Revisiting PLM: Leaving the Old for the New

It hasn’t taken the process industry long to realize that tried-and-tested PLM solutions often used by discrete manufacturers just wouldn’t work for them. Consider traditional product lifecycle management (PLM) systems made for discrete industries. They have a rigid architecture that primarily leverages computer-aided design tools and caters to manufacturing processes common in this space. It could work well for an automotive manufacturer with a bill of material (BOM) that constitutes 30,000 components, but not so much for a chemical manufacturer’s BOM that is concise. Fundamentally, legacy PLM systems find more use in discrete industries than in process industries such as pharmaceuticals where it is far more important to maintain regulatory compliance across operations.

To manage variations in design and lifecycle management processes, enterprises require a flexible and scalable PLM system. Suppliers have responded to this by introducing evolved PLM solutions that have an open architecture and can comprehensively manage product lifecycles from conceptualization to maturation.

PLM Formulations that Work

Today, PLM is tailored for each industry so that the platform accounts for the organization’s product innovation strategies, supply needs, market demand, commercialization, and maturation. With the support of smart sensor technologies, factories can implement such PLM strategies with ease.

While virtual networking connects and collects data from tools, assembly lines, work centers, ergonomics, facilities, and resources, Cloud computing and Big Data analytics help plant engineers gain insights into the entire manufacturing process. Cloud-based PLM solutions have thus become popular among enterprises for the predictive maintenance of machines. For a multinational corporation running multiple processes across geographies, this approach can help save €1 million (nearly $1.18 million) for each process through improved machine performance and longevity.

Exploring Digital Twins and Simulation

If one were to decide whether PLM will be effective before its implementation, the logical tendency would be to explore digital twins. Digital twinning, the technique that virtually replicates real-life processes using embedded IoT sensors, allows engineers to simulate a product or process’s response under varied situations and gain insights into its improvement potential. An engineering services company did just this to build and maintain wind farms. In this instance, the simulation platform enabled engineers to control and monitor turbines and preempt failures, leading to a 20% increase in annual energy production.

As such, simulation platforms are emerging as a transformative technology for many process industries such as pharmaceuticals, chemicals, steelmaking, and mining. These solutions can simulate the mixing process that is used to manufacture food, steel and powders, in turn allowing plant operators to determine end-product quality before mass production. This then leads to optimal CAPEX spend and asset utilization.

From Linear to Circular PLM

Thanks to rapid advances in PLM, supply chain management has now taken on a new color. Enterprises are quick to forecast a product’s market demand and optimize production volumes. Often, they do this through forward integration that incorporates point-of-sale data into demand planning and leverages vendor-managed inventory programs. For instance, a leading tobacco manufacturer used this technique to forecast product demand with 85 percent accuracy at the stock-keeping unit (SKU) level.

An enterprise-wide PLM takes these benefits one step further by enabling industrial automation. This helps standardize manufacturing operations, reduce waste, accelerate production without compromising on output quality, and ultimately drive down CAPEX. Much of the 7.4% CAGR growth projected in the industrial control and factory automation market between 2017 and 2023 is on account of this.

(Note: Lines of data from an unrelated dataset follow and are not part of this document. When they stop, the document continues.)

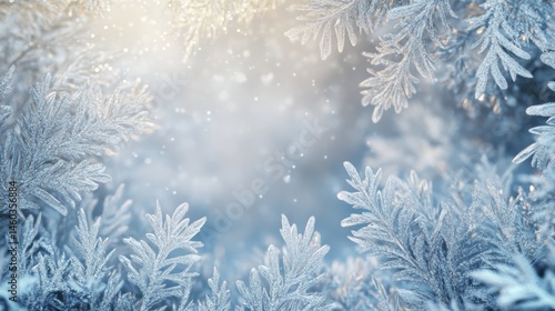 Frost Formations on Winter Branches with Glittering Snowflakes and Soft Sunlight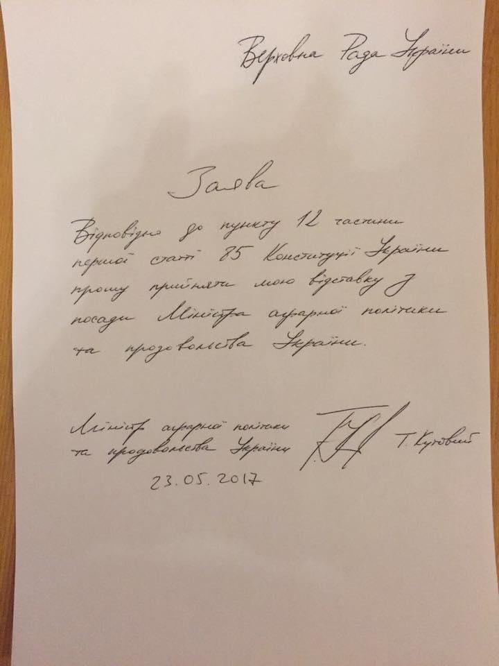 Со слов министра, с должности он идет с благодарностью депутатам коалиции и фракции БПП, президенту, премьеру, группе «Удар» и лично Виталию Кличко.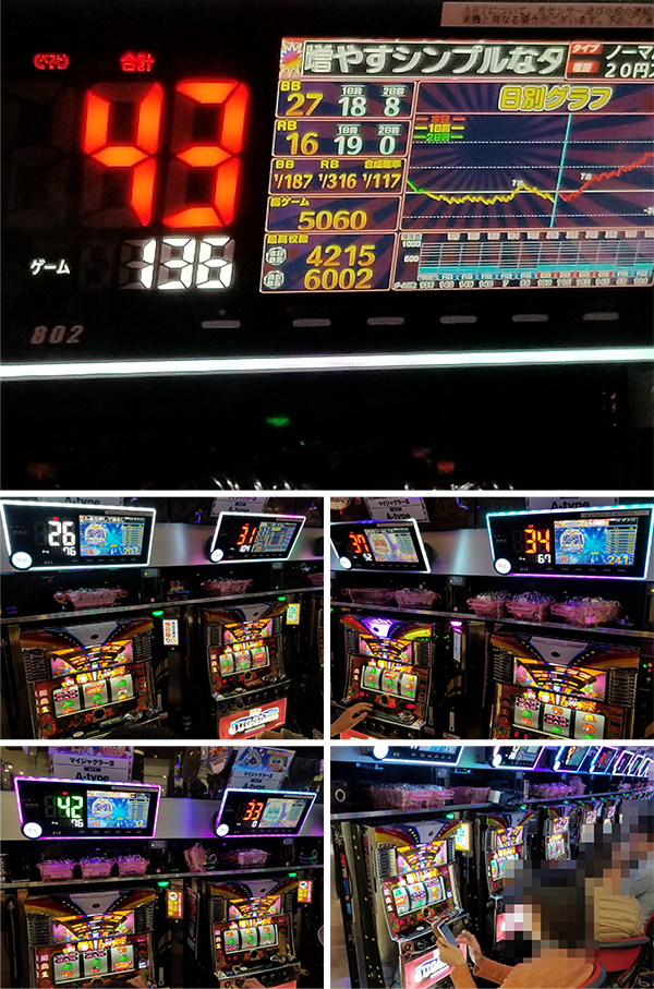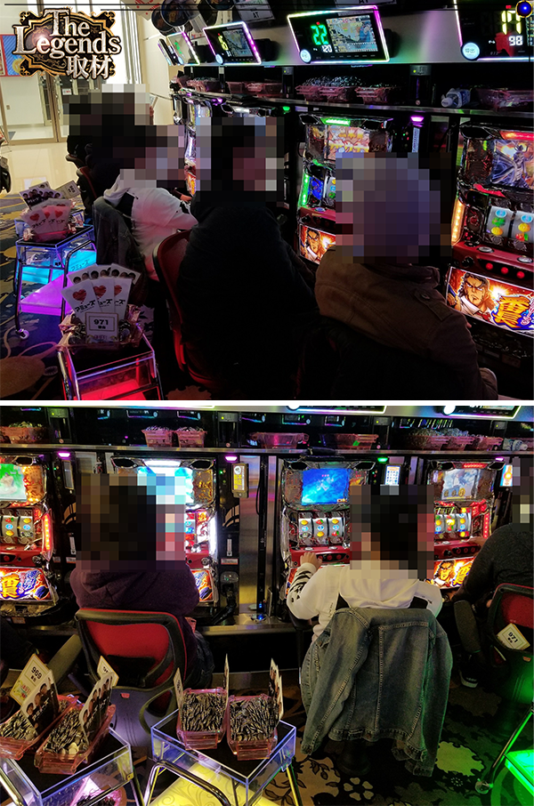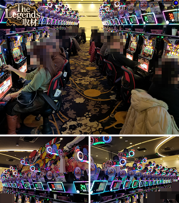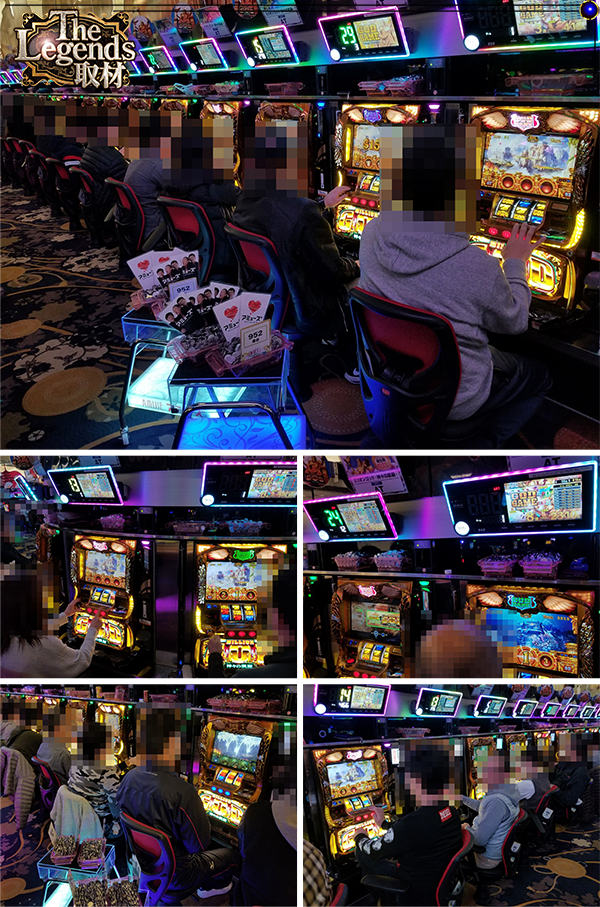 パチスロコーナーの様子をうかがうと、あたり一面ににぎやかな光景が広がっていた。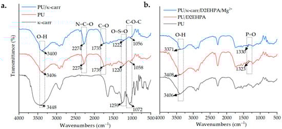 The FTIR spectra of κ-carrageenan, PU, and PU/κ-carr membranes are shown in Figure 1a. A broad O–H stretching band observed at 3448 cm−1 in κ-carrageenan shifted to 3406 cm−1 in PU and 3400 cm−1 in PU/κ-carr, indicating modified hydrogen bonding due to polyurethane formation. Urethane linkages (–NH–COO–) are formed by the interaction of hydroxyl groups from castor oil and κ-carrageenan with isocyanate groups from TDI, as confirmed by strong C=O stretching vibrations at 1739 cm−1 and 1735 cm−1, respectively. These pathways provide the principal framework of the cross-linking network inside the PU structure [24,25]. The polymerization at 40 °C is expected to enhance the reactivity of the isocyanate group, accelerating cross-linking via urethane addition without generating byproducts [26]. The N=C=O absorption bands at 2276 cm−1 (PU) and 2274 cm−1 (PU/κ-carr) indicate residual isocyanate groups, as supported by previous findings [18,19,27]. This may be due to an imbalanced –OH/–NCO stoichiometric ratio, in which the excess has been associated with enhanced hydrophobicity of the PU [26]. The presence of bands O=S=O (1270–1230 cm−1) and C–O–C (1100–1000 cm−1) indicates that the basic structure of the polymer is preserved, while also confirming the presence of hydrophilic functional groups such as sulfate and ether, which are responsible for the inherent water affinity of κ-carrageenan [19,26].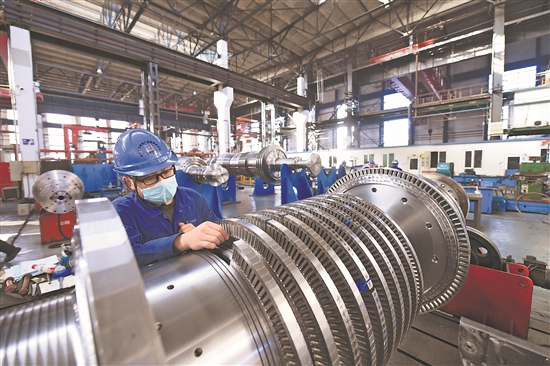 在哈电集团哈尔滨汽轮机厂有限责任公司的生产车间,工人在生产作业。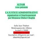 Chers amis d’Altaïr, Conférence de Monsieur Didier Choplin « La justice administrative, organisation et fonctionnement » mercredi 12 novembre 2025 salle Jean Thubert à Montesquieu-des-Albères. L’accueil se fera à partir de 18h00 et la conférence débutera à 18h30. Un apéritif clôturera la
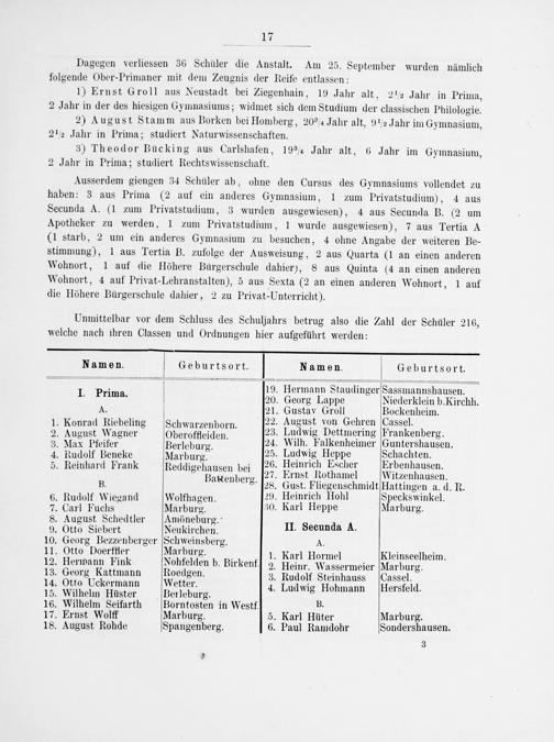 Zu der öffentlichen Prüfung der Schüler des Königlichen Gymnasiums zu Marburg ... ladet ... ein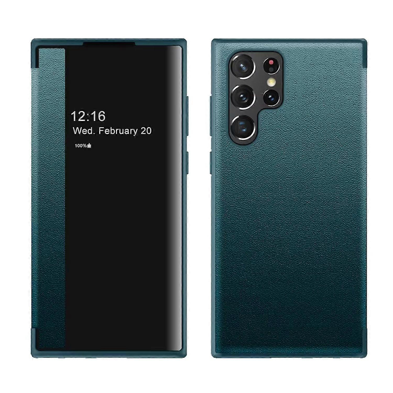 Für Samsung Galaxy S25 Ultra 5G Mirror View Smart Cover Hülle Grün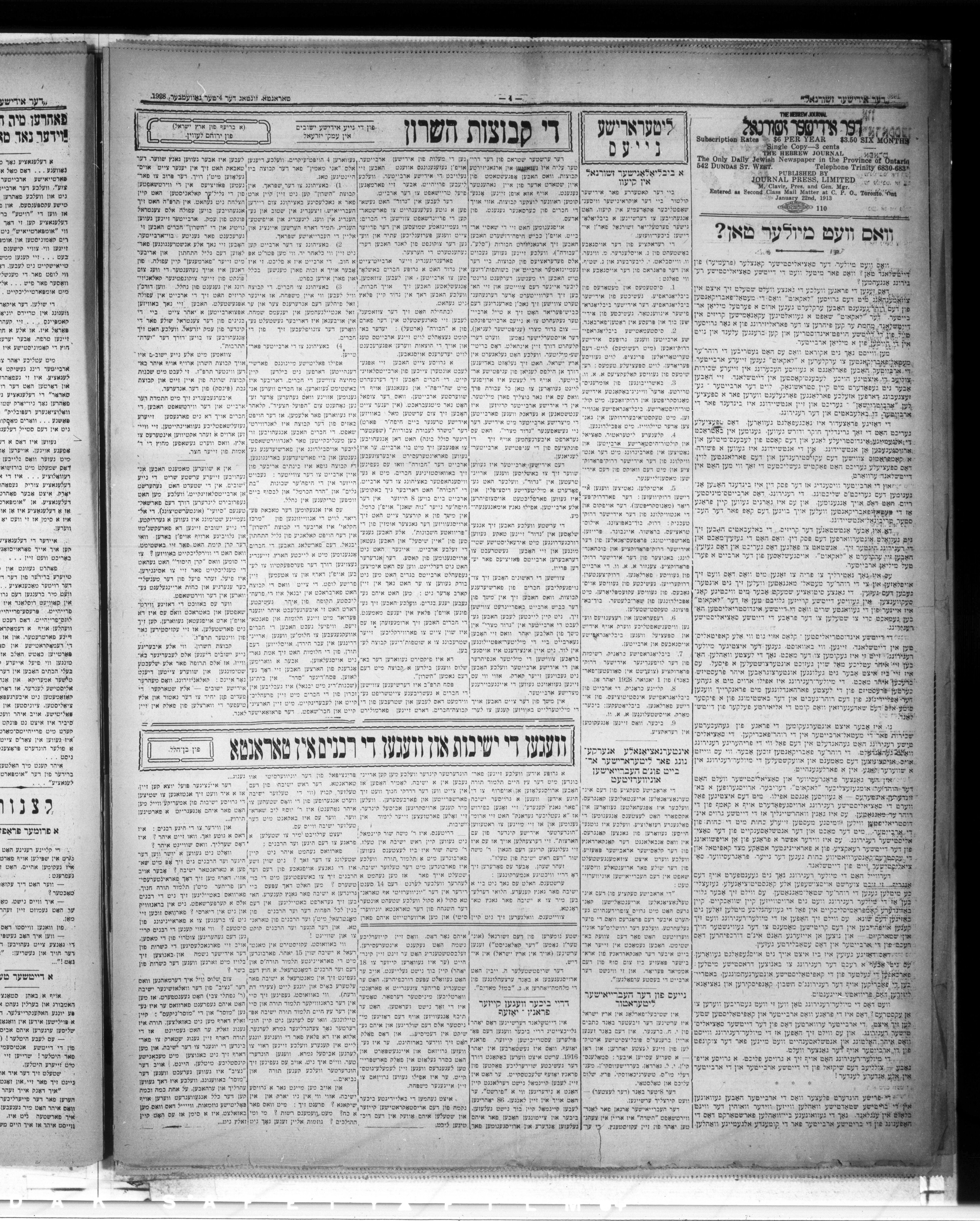 Der Yidisher zhurnal = The daily Hebrew journal : Volume XV, No. 6274 (November 4, 1928)

With a focus on environmental sustainability, manufacturers are shifting from a linear PLM model to a circular one. The closed-loop manufacturing system is being backed by governments and promoted by environmental agencies for food, bottling, and plastics industries to re-use and re-cycle their packaging materials. For instance, a construction material manufacturer uses crushed recycled glass to make fillings for retaining walls, highways, building foundations, and bridge abutments.

In this new world of PLM, there is not much option but to strike while the iron is hot. Take that comfortable wait-and-watch approach and you might just lose millions of dollars, a generation of brand loyalists, and your reputation as a pioneer in your industry.